Developer Experience and Tooling

Users discuss the importance of developer experience, including compilation times, error messages, packaging, and the overall tooling around a language.

  • tomovo's critique of Swift's compiler issues is a prime example: ""The compiler is unable to type-check this expression in reasonable time?" On an M3 Pro? What the hell!?"
  • ModernMech's experience with Julia binaries highlights tooling challenges: "They say it's supported, but it's not exactly as easy as 'cargo build' to get a Julia binary out."
  • macawfish suggests improvements for Julia's tooling: "What Julia needs though: wayyyy more thorough tooling to support auto generated docs, well integrated with package management tooling and into the web package management ecosystem."
  • mdaniel emphasizes the importance of type checking for understandability: "I literally cannot comprehend why someone would write such a thing [dynamic typing]. I am biased in that I believe that having a computer check that every reference to every relationship does what it promises, all the time."
  • postflopclarity argues that documentation is key and types are not the only way to achieve clarity: "first and foremost great documentation & design docs cannot be surpassed as a tool to explain and understand code. and that is entirely language agnostic."
  • lgas counters, "documentation can be wrong whereas types can't, so it seems like it's strictly a worse tool if your goal is to understand what's actually going on and not what someone said was going on at some point in the past."
  • adgjlsfhk1 suggests that types can be "overly restrictive" or "under powered."
  • const_cast argues that expressive type systems can encompass traits, preconditions, and postconditions.
  • pjmlp points out that even a full C# experience requires proprietary tools like Visual Studio.
  • Chris Lattner encourages engagement with the Mojo community and mentions its open-source code.
  • bsaul requests more technical details about Mojo's compiler technology, specifically "concrete example[s] of this advanced technology."

Historical Context and Alternatives

Some users draw parallels to past language trends and consider existing alternatives.

  • kuschkufan and pjmlp discuss the origins of GNU and LLVM in response to proprietary tooling.
  • mvieira38 asks for sources on Julia's commercial growth.
  • jimbokun and Hizonner reflect on the industry's cyclical nature and resistance to change.
  • dsharlet advocates for C++ templates as a sweet spot for performance and flexibility.
  • adgjlsfhk1 praises Julia's balance between exploratory and optimized coding.
  • wolvesechoes disputes the ease of optimizing Julia compared to C or Fortran.
  • pansa2 notes Mojo's incomplete feature set (e.g., classes being a medium-term goal).
  • singularity2001 expresses concern about proprietary "vaporware stacks."
  • analog31 discusses the historical shift towards free tools driven by programmer preference and the potential return to proprietary tooling with AI agents.
  • dboreham and a3w discuss the potential for ML (Machine Learning) to be a "killer app" for a language, drawing a parallel to Ruby on Rails.

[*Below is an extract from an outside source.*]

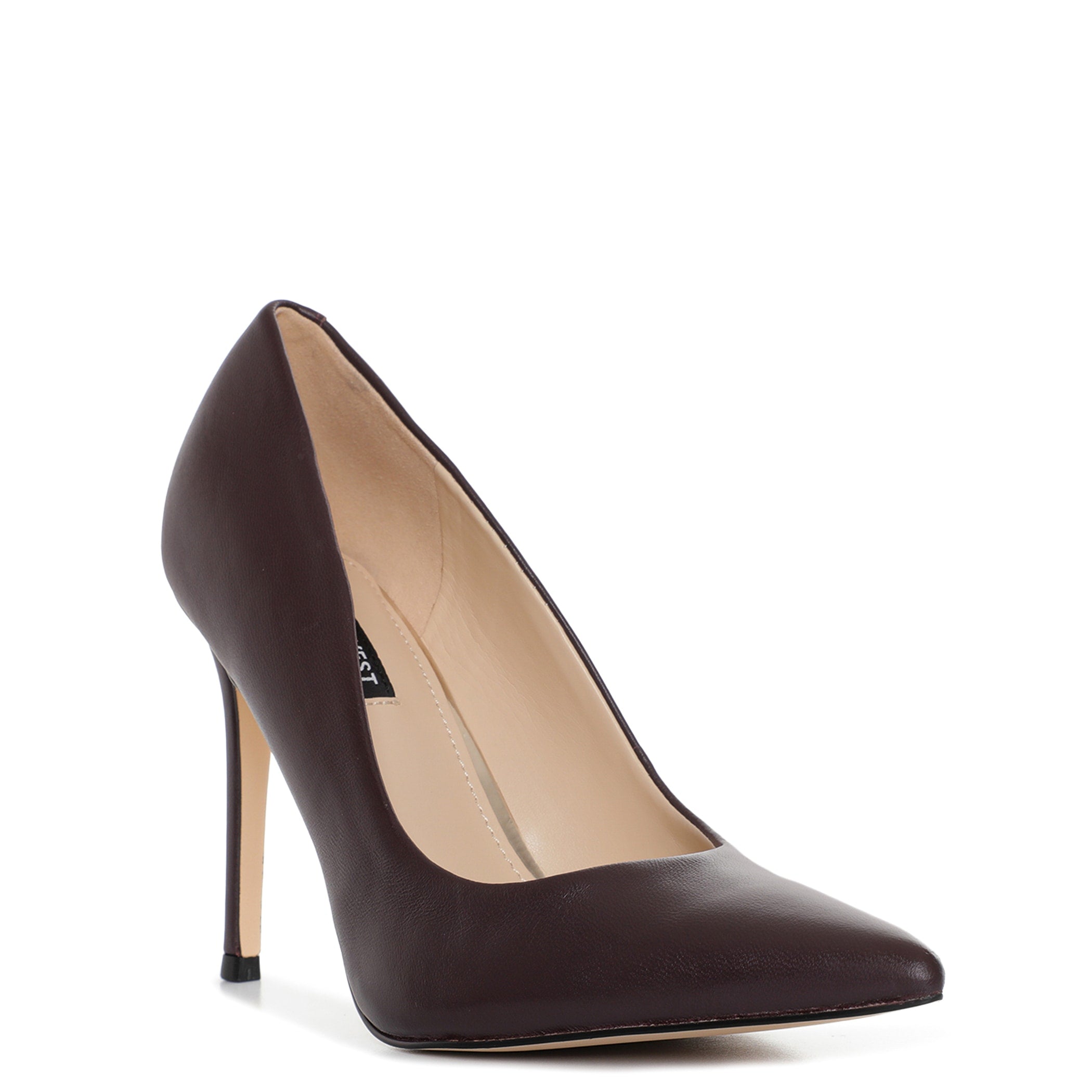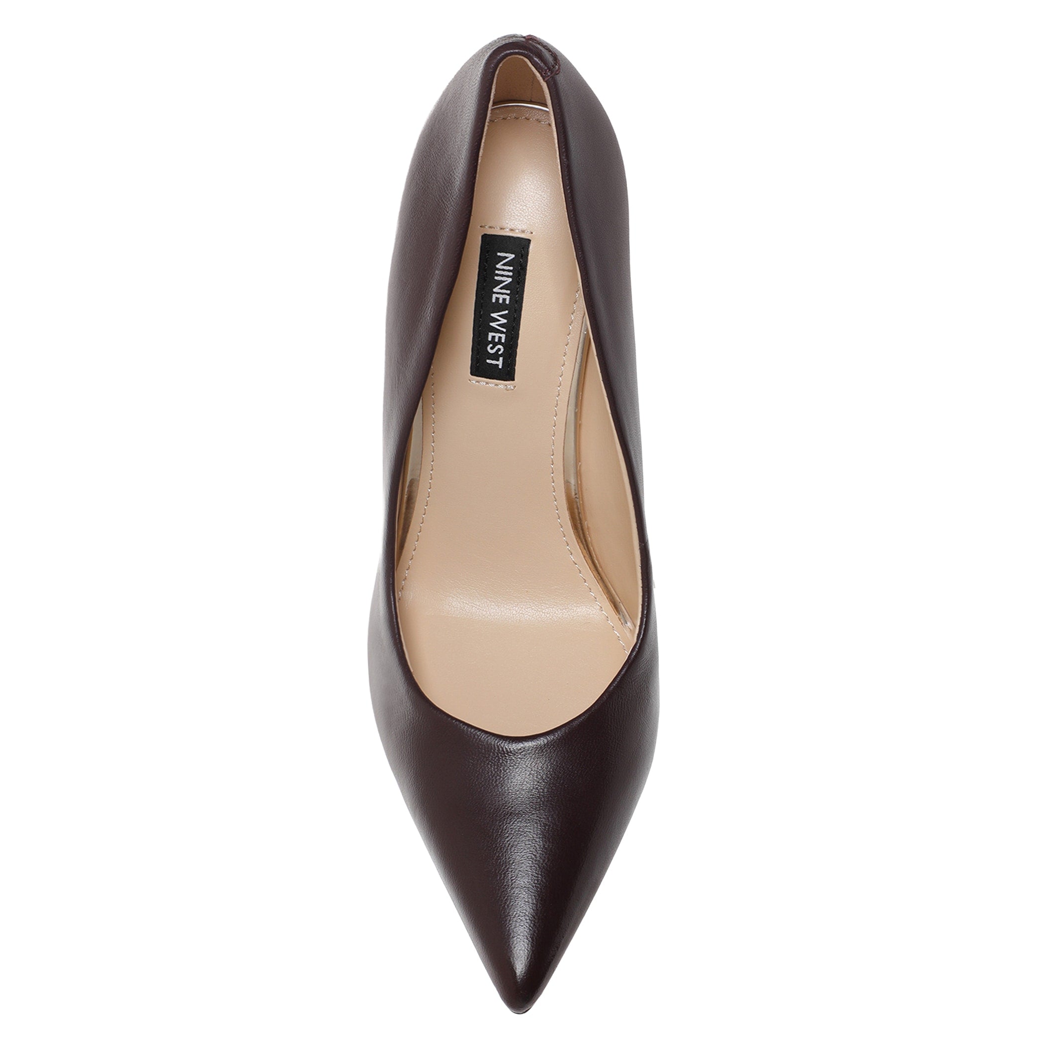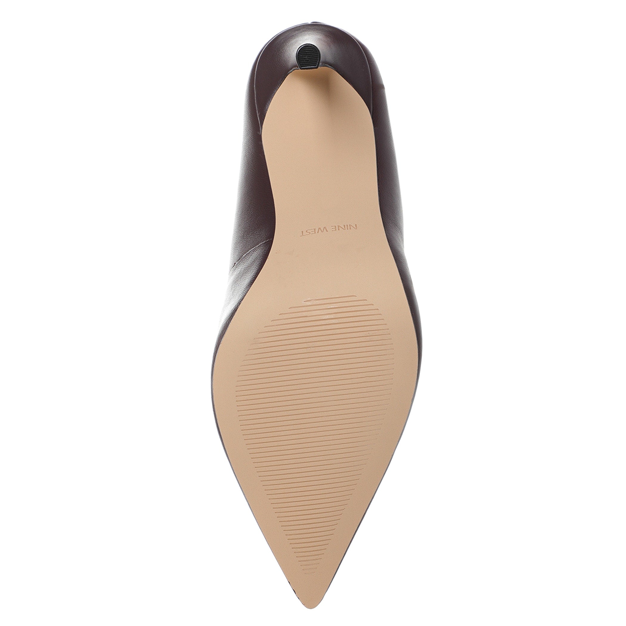 Zapatilla Nine West para mujer elaborada en material piel con estampado liso, fijación abierta, punta puntal, cuña alta y textura lisa.

Fundamental Language Design Philosophies

The discussion touches upon deeper philosophical differences in language design, such as the merits of exceptions versus explicit error handling and the fundamental nature of computation.

  • lordofgibbons strongly dislikes exceptions and favors explicit error handling, citing Go and Rust.
  • almostgotcaught provides examples of Python being used for kernel writing.
  • tree_enjoyer speculates about Lisp being a natural language for AI-generated code.
  • atbpaca describes Mojo as a balance between readability and efficiency.
  • Hizonner expresses persistent bitterness over past technology choices.
  • anakaine advocates for moving on and practical acceptance of existing tools.